Во рту — будто соленый огурец проглотил. Кровь. Только сейчас я ее почувствовал. Все время, пока сидел, она текла из разбитых десен и капала на рубашку. Я достал носовой платок и приложил его ко рту. Платок почернел. Кровь. Я отсосал ее и сплюнул. Ладно. Посмотрим. Сейчас я поднимусь, я найду тебя, Саня, и набью тебе морду. И ты первый узнаешь, трус я или нет, и ты первый узнаешь, какая она, война с такой сволочью, как ты. Я тебя буду бить не от унижения и не от боли, а потому, что ты гад.
Их невозможно не замечать. Невозможно обойти стороной. Все равно кто-нибудь встанет на пути твоем. А если ты и дальше будешь жить словно с замороженными глазами, то вся грязь, которую ты старался не замечать, врастет в тебя, как раковая опухоль, и будет жить в тебе тобой, а ты будешь жить ею.

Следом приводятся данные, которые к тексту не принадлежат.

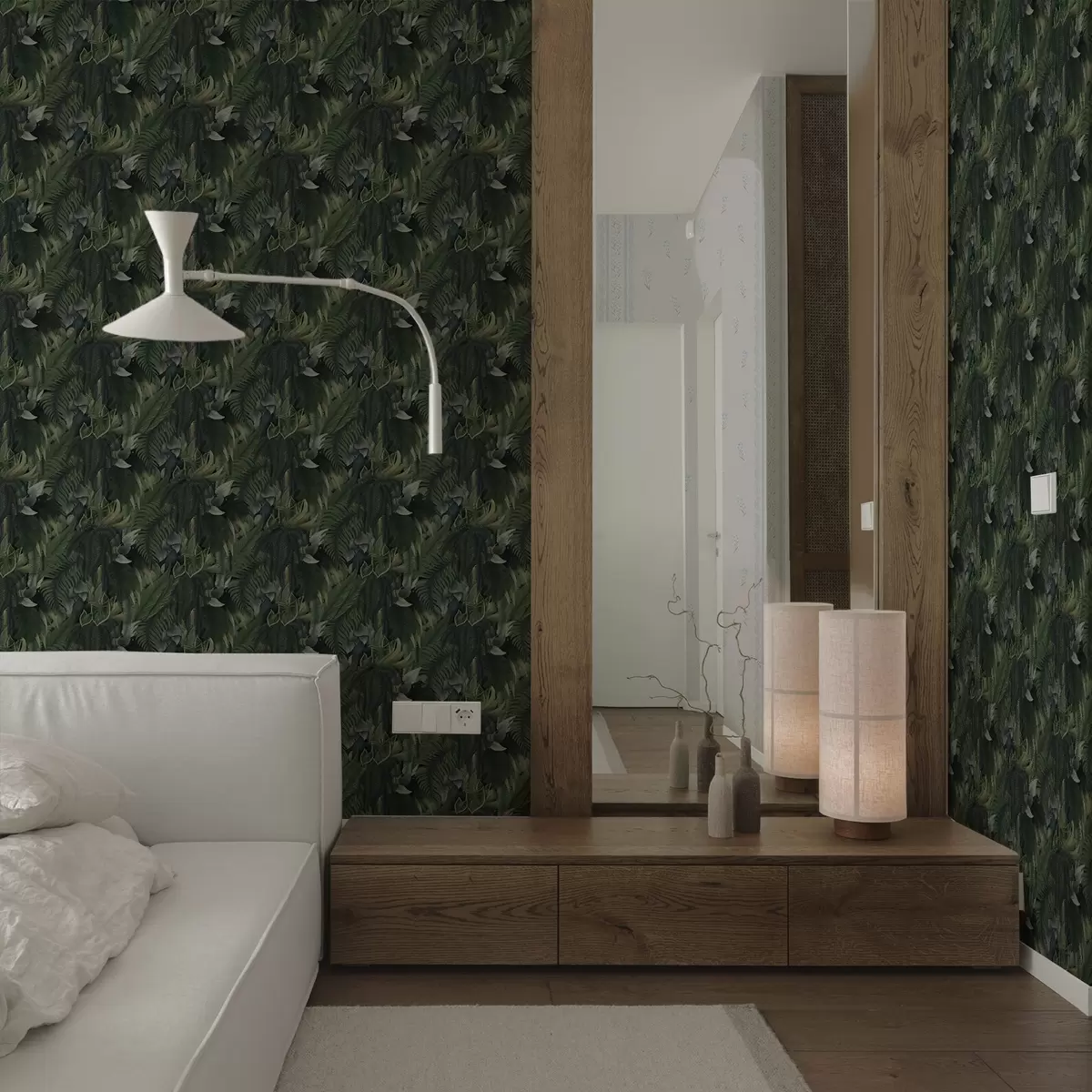 Тапет Гъста тропическа растителност в тъмнозелени гъсталаци Nr. a00943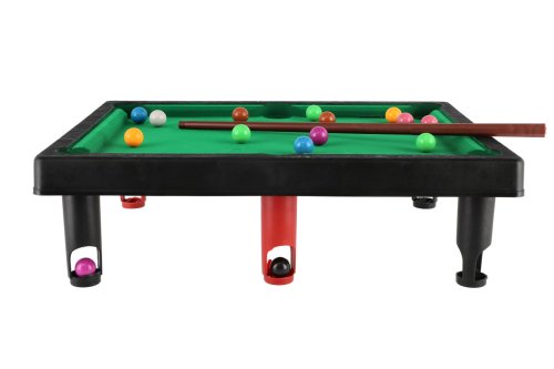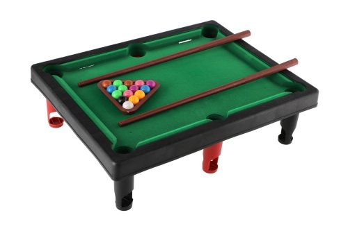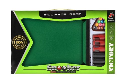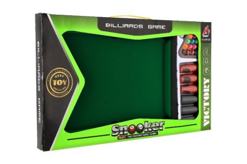 Dětský stolní kulečník je věrnou zmenšeninou klasického kulečníku. Stačí hru položit na stůl nebo jakoukoliv jinou rovnou plochu a hra může začít! Nechybí ani triangl pro srovnání koulí. Tento malý kulečníkový stůl je určen pro zábavu a trénuje motoriku a koordinaci rukou a očí. Velikost složeného kulečníku 33 x 26 x 10 cm. Rozměry balení 44 x 27 x 3 cm. Vhodné pro děti od 3 let.

Из ворот парка выплывали последние парочки и пропадали во тьме. Сторож, молодой парень, видно из студентов, нетерпеливо посматривал на часы, двигал створками ворот, разносившими по скверу звуки ржавых петель — заключительную мелодию этого вечера. Когда последняя парочка покинула танцплощадку, он повесил на ворота замок и ушел. Я, пошатываясь, двинулся вниз, к «Манычу». Поворачивая за угол старой каменной кладки, которая ограждала парк со стороны моря, я нос к носу столкнулся с Колькой.
— А я тебя ищу, — сказал он, растерянно оглядывая меня. — Сейчас встретил ребят с «Амгуэмы», сказали, что тебя какой-то парень увел… Как он уделал тебя! За что?